Exercise aim:
Leave the pictures out. Retype exactly the lines below from the one containing "2022年8月份,数字化工厂" through the one containing "我點了一個漢堡跟草莓奶油奶昔", and no others.
Top of Available records
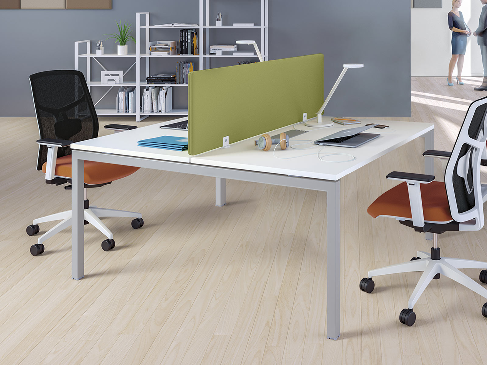 En ajoutant un panneau séparatif central entre les plateaux, vous permettez à chaque utilisateur d'avoir son propre espace de travail délimité, sans vue direct sur sa zone de travail. De plus, certains accessoires pour les fournitures pouvant se fixer sur les panneaux permettent de dégager le plan (pot à crayons, bac à courrier, etc.). L'ajout de panneaux aux propriétés acoustiques contribue à baisser le bruit de votre pièce et de mieux les absorber par rapport à des panneaux en bois ou en verre (voir configurateur).
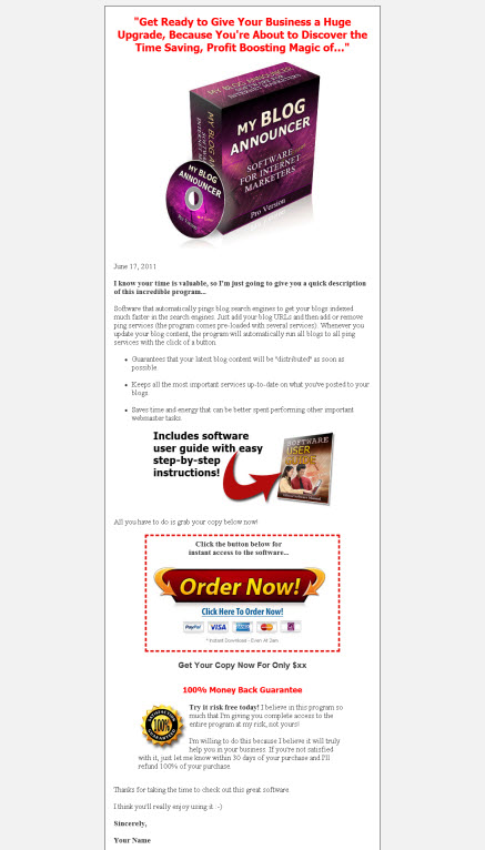 Software that automatically pings blog search engines to get your blogs indexed much faster in the search engines. Just add your blog URLs and then add or remove ping services (the program comes pre-loaded with several services). Whenever you update your blog content, the program will automatically run all blogs to all ping services with the click of a button.
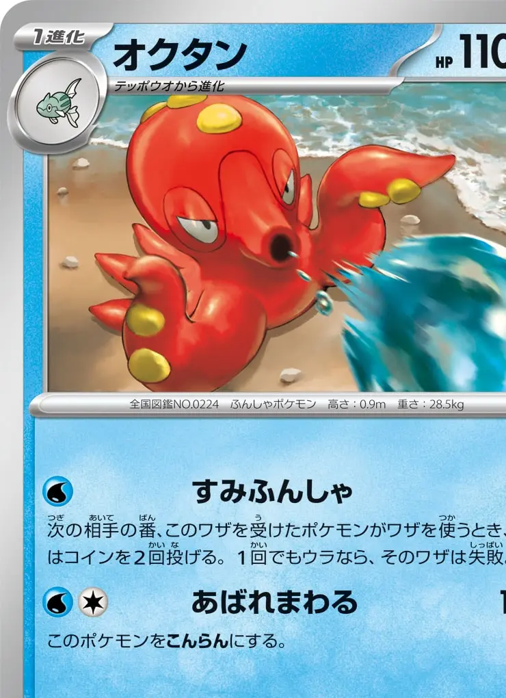 | 【ワザ】 [水] すみふんしゃ 30 次の相手の番、このワザを受けたポケモンがワザを使うとき、相手はコインを2回投げる。1回でもウラなら、そのワザは失敗。 [水][無] あばれまわる 120 このポケモンをこんらんにする。 | ||
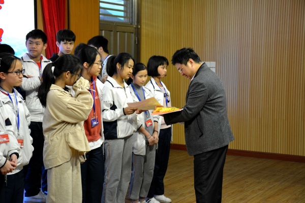 觀看完畢后,教務(wù)處呂萬(wàn)春副主任宣讀上學(xué)期期末考試總分前50名的獲獎(jiǎng)學(xué)生名單,學(xué)校行政及初三任課教師為獲獎(jiǎng)學(xué)生頒獎(jiǎng)。
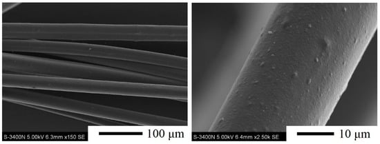 The surface morphology of soda lignin based fibers were observed using scanning electron microscopy (SEM; S-3400N, Hitachi Co. Ltd., Chiyoda, Tokyo, Japan) at magnifications of 150 to 2000 X and at an accelerating voltage of 5 kV. Before observation, the samples were coated with a thin layer by spraying gold metal using Ion Sputter (E-1010, Hitachi Co. Ltd., Chiyoda, Tokyo, Japan) before searching morphology. The average diameter of fiber was calculated from the individual measurement value of 30 filaments.
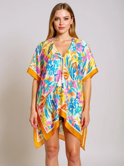 • Letnia tunika plażowa typu pareo z dekoltem w serek i asymetrycznym dołem to stylowy must-have na wakacje. Zwiewna, lekka tkanina i efektowny wzór podkreślają kobiecość, a luźny krój zapewnia komfort w upalne dni. Idealna na plażę i letnie spacery.
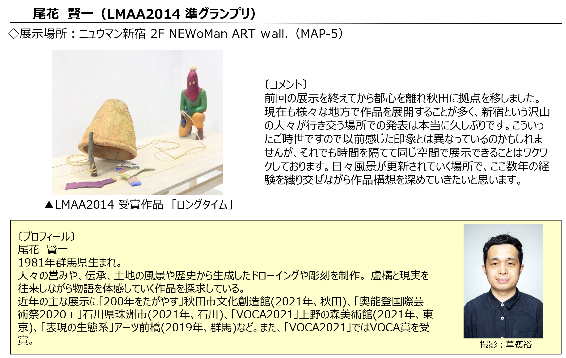 参加アーティストには、「LMAA2014 準グランプリ」で「VOCA展2021 VOCA賞」を受賞した尾花賢一さんや「LMAA2016 グランプリ」でニューヨークで活動しているHarumi Oriさんなど6名のアーティストが参加し、5月26日(木)~6月15日(水)の期間、ルミネ・ニュウマン各所のウィンドウを彩ります。
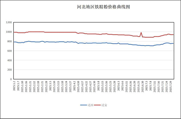 → 2025年1-7月河北地区铁精粉价格曲线
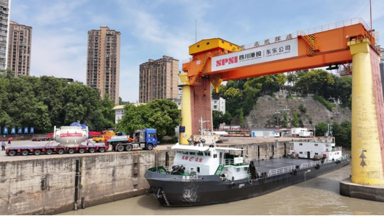 乐山大件码头作为四川大件运输水陆转换枢纽,地处三江汇流下游,航道水深稳定、江面宽阔,具备千吨级通航条件。自1995年为服务三峡枢纽工程兴建以来,已成为长江经济带重要物流节点。利用码头配备的550吨桥式起重机,球阀与中压模块将在这里完成吊装转运的全过程。“采用桥式起重机,是因为码头固定轨道作业稳定,能最大程度保障设备安全。”来利国际AG旗舰厅大件物流技术部技术经理罗崎瑞介绍说,“单件设备上船后需要花1小时进行加固作业,确保航行中万无一失。”
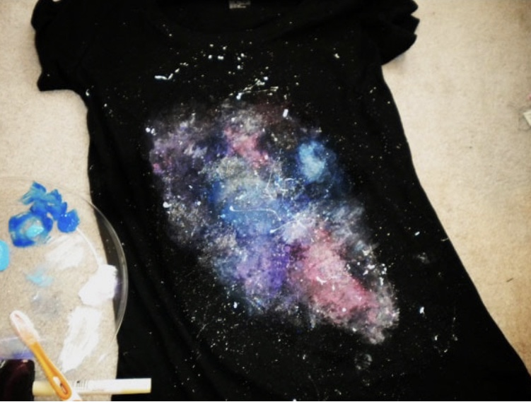 DIY Fashion: Painted Galaxy T-Shirt – College Fashion— Read on http://www.collegefashion.net/fashion-tips/diy-fashion-painted-galaxy-t-shirt/
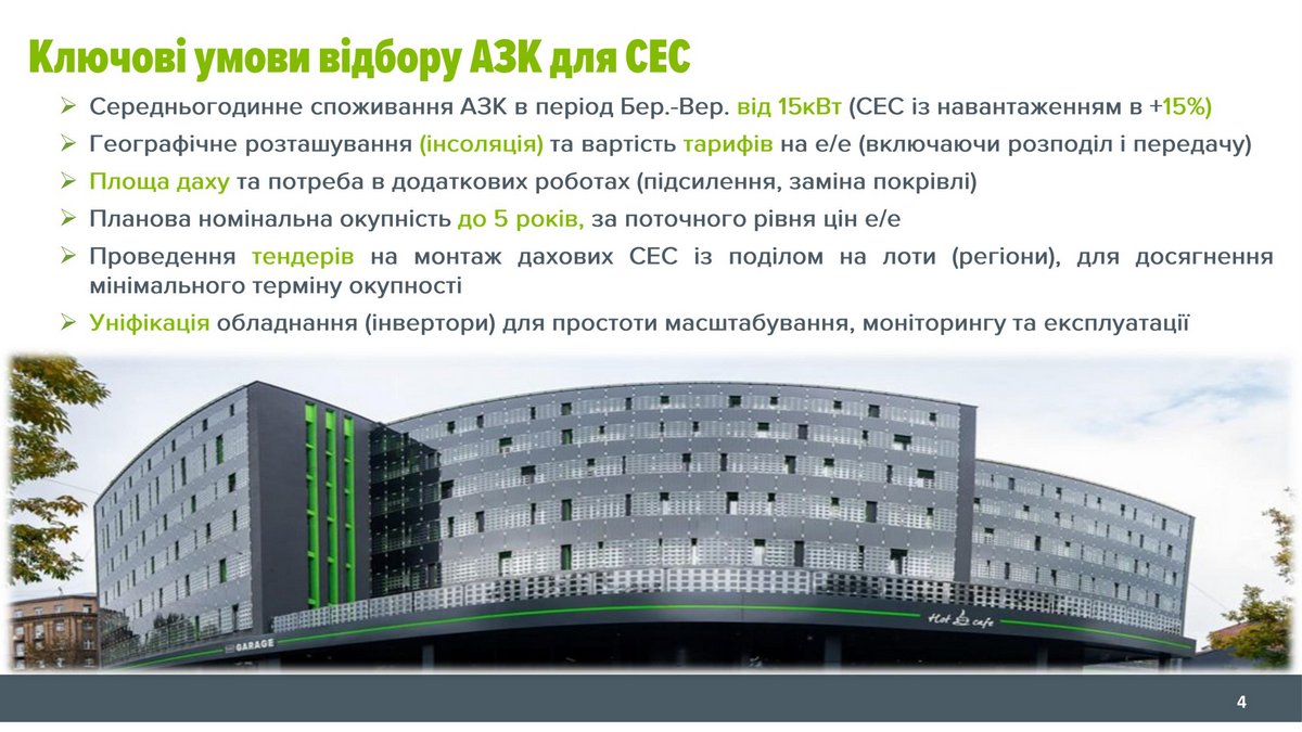 Одним із найголовніших показників при розрахунках є середньогодинне споживання об’єкту в період з березня по вересень, коли сонячна генерація працює в найбільш типовому режимі. На АЗК цей показник складає 15 кВт до якого додається «запас» в 15-20% генерації СЕС, аби вона лишалася економічно вигідною.
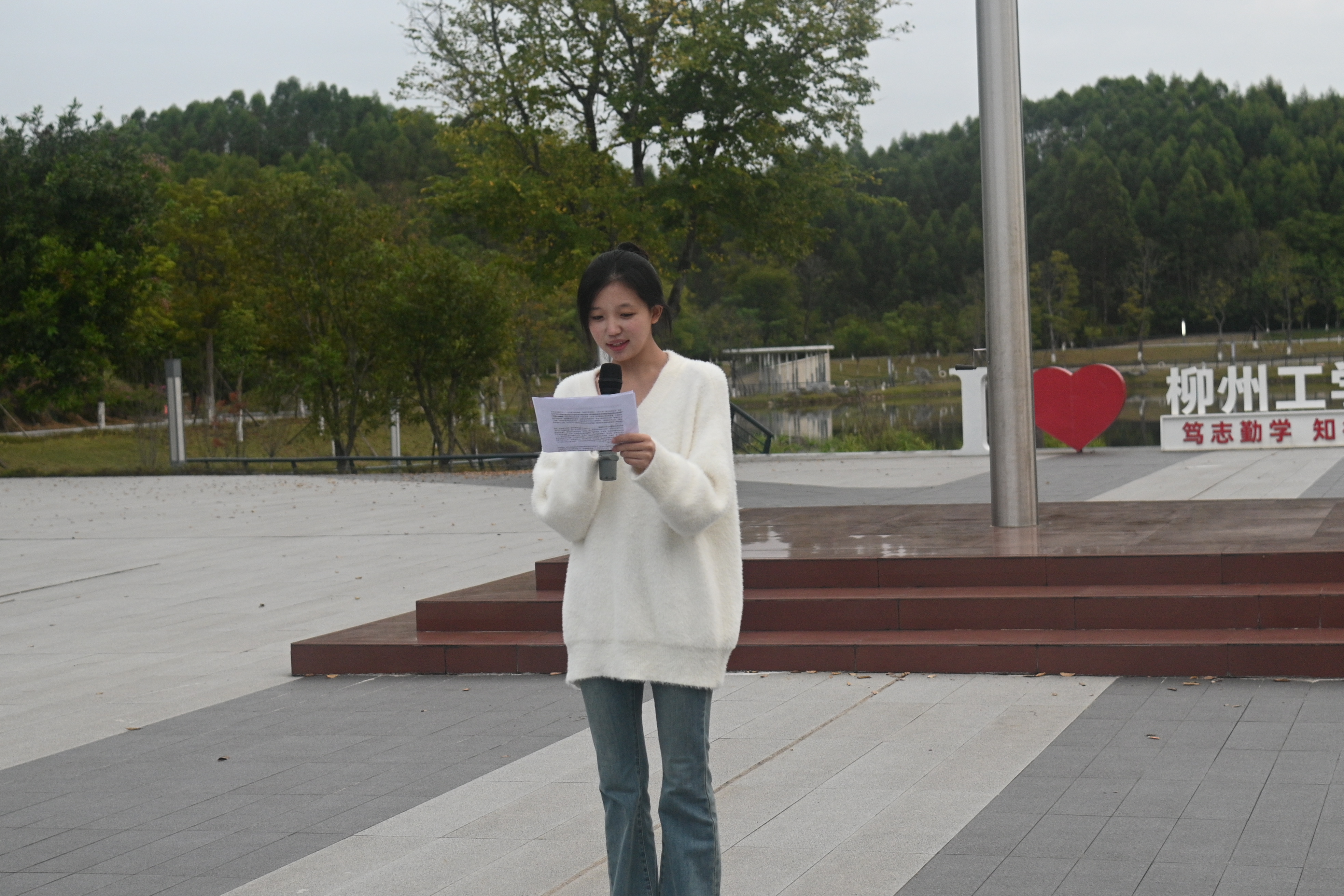 在国旗下讲话环节,经济管理学院学生代表财务251班曹诗若同学向全体同学发出倡议。她呼吁大家将爱国之情转化为实际行动,以主人翁的责任感和使命感,积极投身学校本科教学合格评估工作,在日常学习生活中展现经管学子勤学善思、求真务实的优良学风,彰显新时代青年的责任担当。
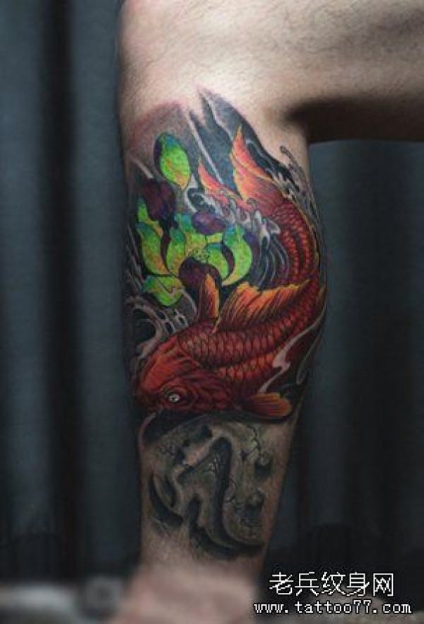 男士腿部漂亮的彩色鲤鱼莲花纹身图案
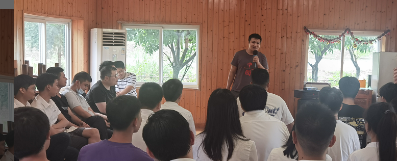 2022年8月份,数字化工厂事业部迎来了26位新员工。他们的到来为公司的发展注入了新活力。为此开展了主题为“缘份相聚,携手未来”系列迎新活动,帮助他们更快、更好地适应新的生活环境,顺利完成由大学生到职场新人的角色转变,也为选择精工智能作为人生转折点的其他小伙伴给予帮助。了解是融入的第一步,为帮助新员工尽快融入大家庭、踏上人生的新起点,运营部、项目经理、项目总监们做好了迎新准备工作。入职当天对新员工进行集中培训,包括公司相关的制度、项目产品、企业文化、管理理念、组织架构等,旨意在帮助新员工尽快熟悉公司制度、了解岗位职责,未来才能更好的投入到实际工作中。2022年8月20日,在“忘我小点”农庄举行迎新活动。活动第一个环节各位新同事做了生动活泼的自我介绍。同时数字化工厂的每位导师和部门总监为新员工分享了作为过来人的经验以及对大家的期许。最后由WMS、MES、APS各部门部门长上台致辞,并给大家提了几点建议:一、树立正确的价值观,锤炼初心,扣好人生第一颗扣子。二、认真学习公司产品,熟能生巧,工作上才能更加得心应手。
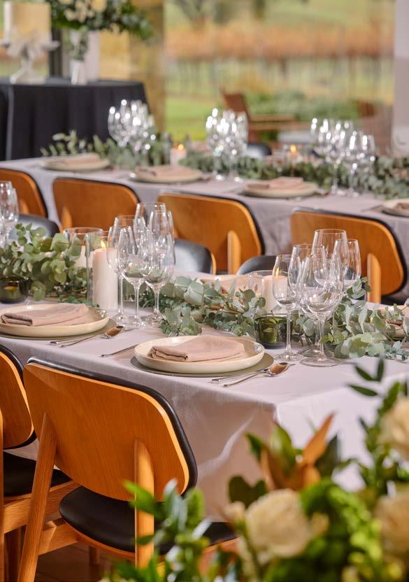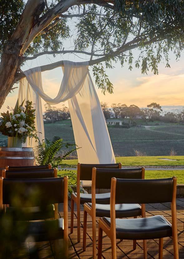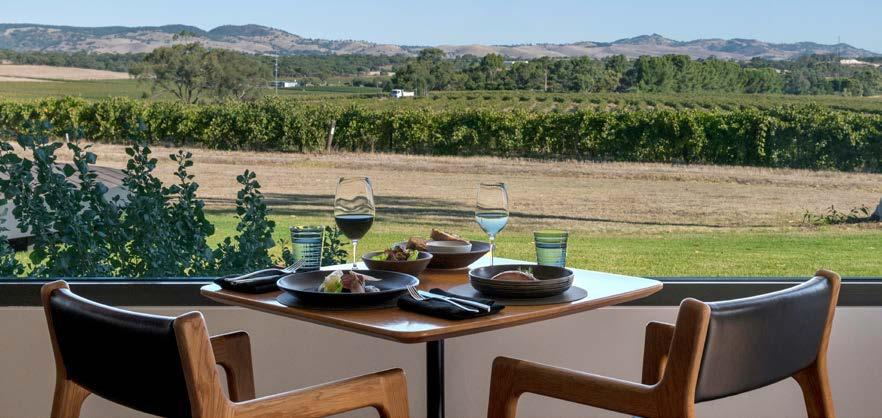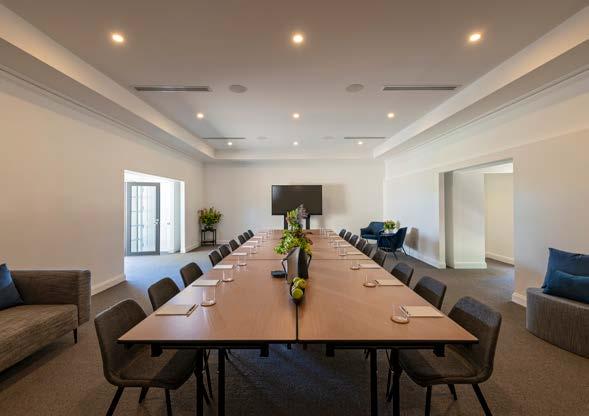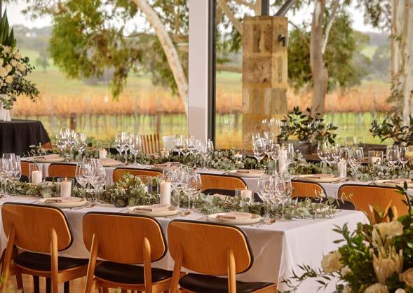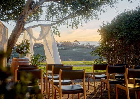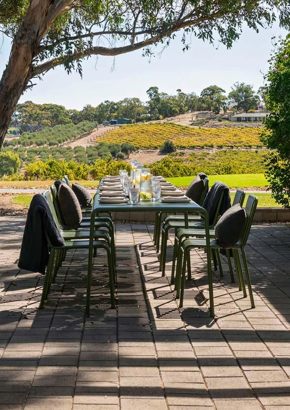 The light-filled Hermitage Room seats 24 or hosts 60 for cocktails, with a lounge for breakout moments and French doors opening to a courtyard and Barossa views.
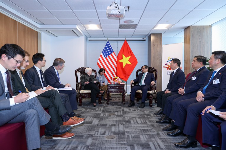 | Thủ tướng Phạm Minh Chính và Bộ trưởng Tài chính Mỹ Janet Yellen. Ảnh: VGP |
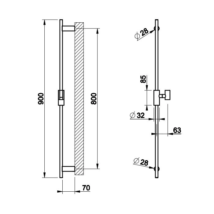 Стандартная длина штанги Gessi Anello составляет 80 см, что является универсальным размером для большинства ванн. Перед покупкой рекомендуется измерить ширину вашей ванны или душевой кабины в месте предполагаемой установки, чтобы убедиться в корректности монтажа. Конструкция штанги предусматривает надежное крепление к стене.
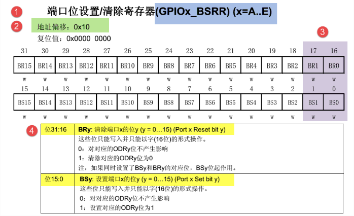 // BSRR = BRy[31:16](低电平输出控制) + BSy[15:0](高电平输出控制) BRy BSy 同时Enable时,只有BSy起作用,
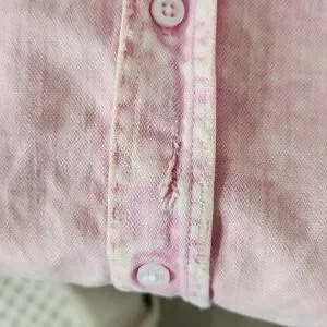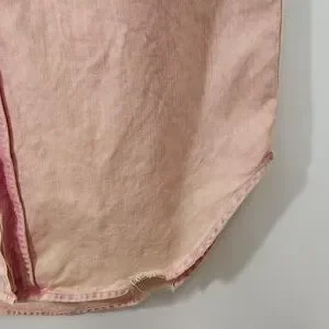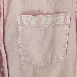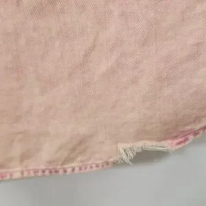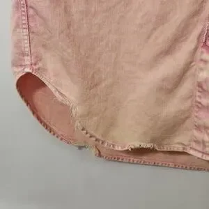 This is an acid washed pink finish. It has manufactured distressing such as color variations, frayed hems and edges, etc. I've included as many photos of the distressing as I can.
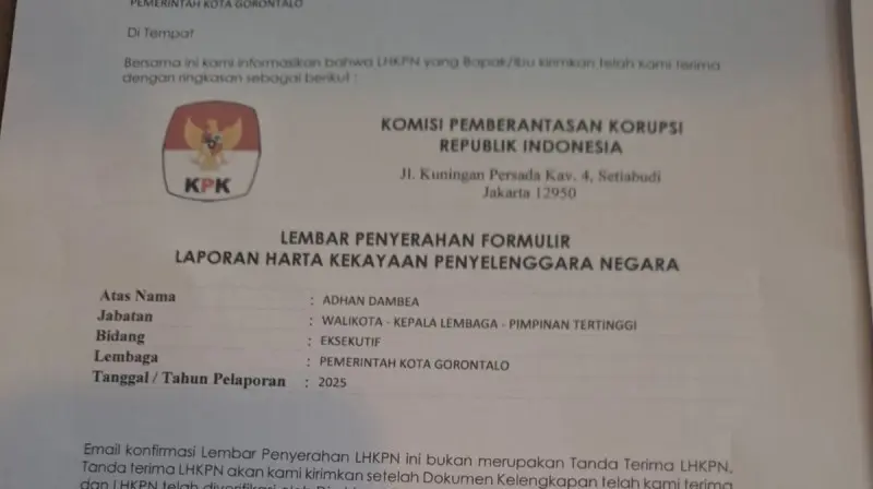 READ.ID – Wali Kota Gorontalo, Adhan Dambea melaporkan harta kekayaannya ke Komisi Pemberantasan Korupsi (KPK). Ini sebagai bentuk keterbukaan dan komitmen terhadap pemerintahan yang bersih.
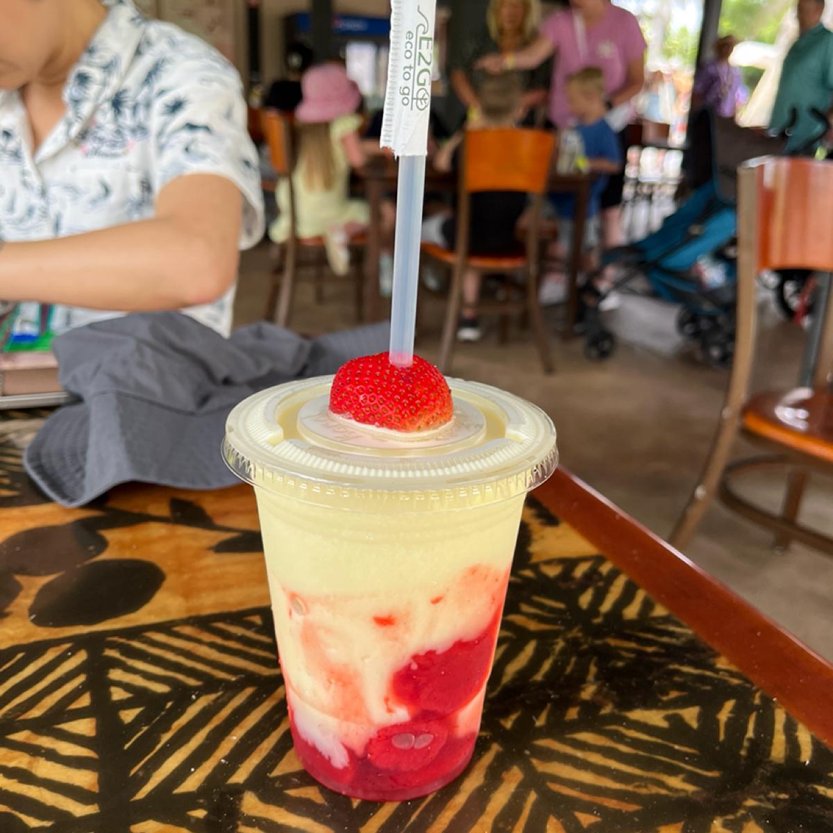 我點了一個漢堡跟草莓奶油奶昔。漢堡的部分表現的很平均,肉跟起司的搭配還算不錯,但麵包的部分偏乾。奶昔的話真的還滿驚豔的,至少在夏威夷吃的菜色中,都是甜點的表現讓我比較驚訝。因為本身不太吃甜點,但是他們的甜點飲品真的做得不錯,不是只有死甜。推薦飲品可點!
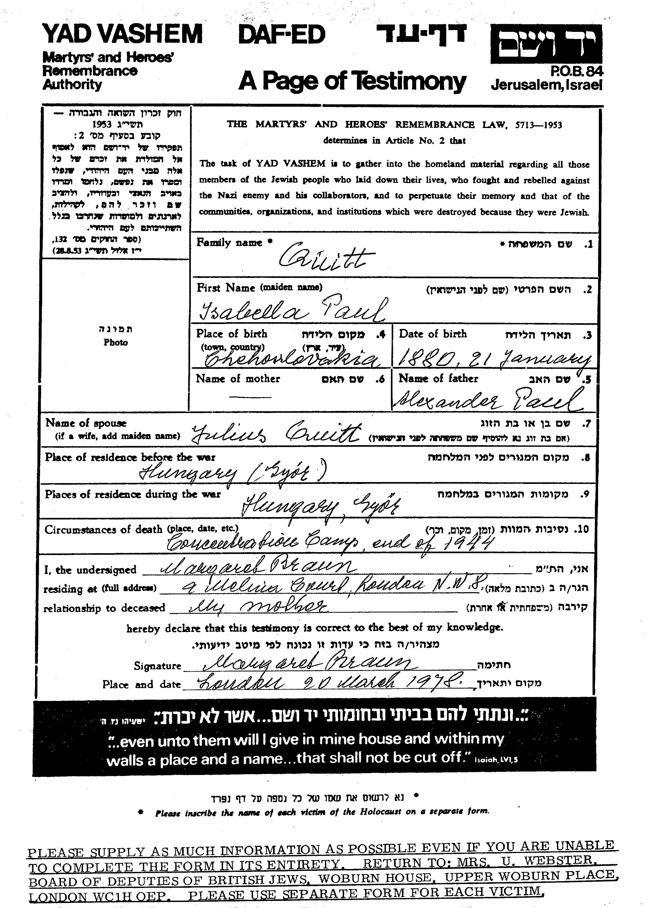 Isabella Czilit apellido de soltera Paul nació en Checoslovaquia en 1880, hija de Alexander. Era casada con Yulius. Antes de la segunda guerra mundial vivía en Gyor, Hungría. Durante la guerra estuvo en Gyor, Hungría.
Bottom of Available records
Solution:
 2022年8月份,数字化工厂事业部迎来了26位新员工。他们的到来为公司的发展注入了新活力。为此开展了主题为“缘份相聚,携手未来”系列迎新活动,帮助他们更快、更好地适应新的生活环境,顺利完成由大学生到职场新人的角色转变,也为选择精工智能作为人生转折点的其他小伙伴给予帮助。了解是融入的第一步,为帮助新员工尽快融入大家庭、踏上人生的新起点,运营部、项目经理、项目总监们做好了迎新准备工作。入职当天对新员工进行集中培训,包括公司相关的制度、项目产品、企业文化、管理理念、组织架构等,旨意在帮助新员工尽快熟悉公司制度、了解岗位职责,未来才能更好的投入到实际工作中。2022年8月20日,在“忘我小点”农庄举行迎新活动。活动第一个环节各位新同事做了生动活泼的自我介绍。同时数字化工厂的每位导师和部门总监为新员工分享了作为过来人的经验以及对大家的期许。最后由WMS、MES、APS各部门部门长上台致辞,并给大家提了几点建议:一、树立正确的价值观,锤炼初心,扣好人生第一颗扣子。二、认真学习公司产品,熟能生巧,工作上才能更加得心应手。
 The light-filled Hermitage Room seats 24 or hosts 60 for cocktails, with a lounge for breakout moments and French doors opening to a courtyard and Barossa views.
 | Thủ tướng Phạm Minh Chính và Bộ trưởng Tài chính Mỹ Janet Yellen. Ảnh: VGP |
 Стандартная длина штанги Gessi Anello составляет 80 см, что является универсальным размером для большинства ванн. Перед покупкой рекомендуется измерить ширину вашей ванны или душевой кабины в месте предполагаемой установки, чтобы убедиться в корректности монтажа. Конструкция штанги предусматривает надежное крепление к стене.
 // BSRR = BRy[31:16](低电平输出控制) + BSy[15:0](高电平输出控制) BRy BSy 同时Enable时,只有BSy起作用,
 This is an acid washed pink finish. It has manufactured distressing such as color variations, frayed hems and edges, etc. I've included as many photos of the distressing as I can.
 READ.ID – Wali Kota Gorontalo, Adhan Dambea melaporkan harta kekayaannya ke Komisi Pemberantasan Korupsi (KPK). Ini sebagai bentuk keterbukaan dan komitmen terhadap pemerintahan yang bersih.
 我點了一個漢堡跟草莓奶油奶昔。漢堡的部分表現的很平均,肉跟起司的搭配還算不錯,但麵包的部分偏乾。奶昔的話真的還滿驚豔的,至少在夏威夷吃的菜色中,都是甜點的表現讓我比較驚訝。因為本身不太吃甜點,但是他們的甜點飲品真的做得不錯,不是只有死甜。推薦飲品可點!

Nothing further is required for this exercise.